The Museum of Chinese in America (MOCA) had planned to open a retrospective on activist artist collective Godzilla in May. However, the collective recently announced that it is withdrawing from the exhibit, citing concerns about the museum’s complicity in the construction of a new jail in New York’s Chinatown.
The new jail is a part of New York’s plan to replace the Rikers Island jail complex with four borough-based jails. One of the proposed jails would be located at 125 White Street in Chinatown. As part of the city’s “community give-back” deal to impacted neighborhoods, MOCA will receive $35 million to fund a permanent home and a performing arts space.

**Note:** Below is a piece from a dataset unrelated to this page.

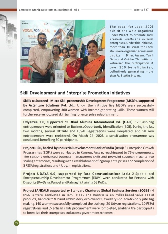 products, crafts and cultural technology) were awarded training completion certificates. Also, 200 Udyam registration

In a letter to the museum signed by 19 members of Godzilla, the collective condemned the museum’s complicity in mass incarceration. “We cannot, in good conscience, entrust the legacy of Godzilla as an artist activist organization, to a cultural institution whose leadership ignores, and even seeks to silence critical voices from its community. The complicity of MOCA’s leadership with the jail plan amounts to supporting the system of mass incarceration and policing that disproportionately affect Black and Brown lives,” the letter read.
In January, MOCA released a statement saying that the institution was opposed to the plan to build a jail in Chinatown. However, Godzilla members say that this is a misrepresentation and that there has been documentation showing that leadership wanted to benefit from the proposed jail.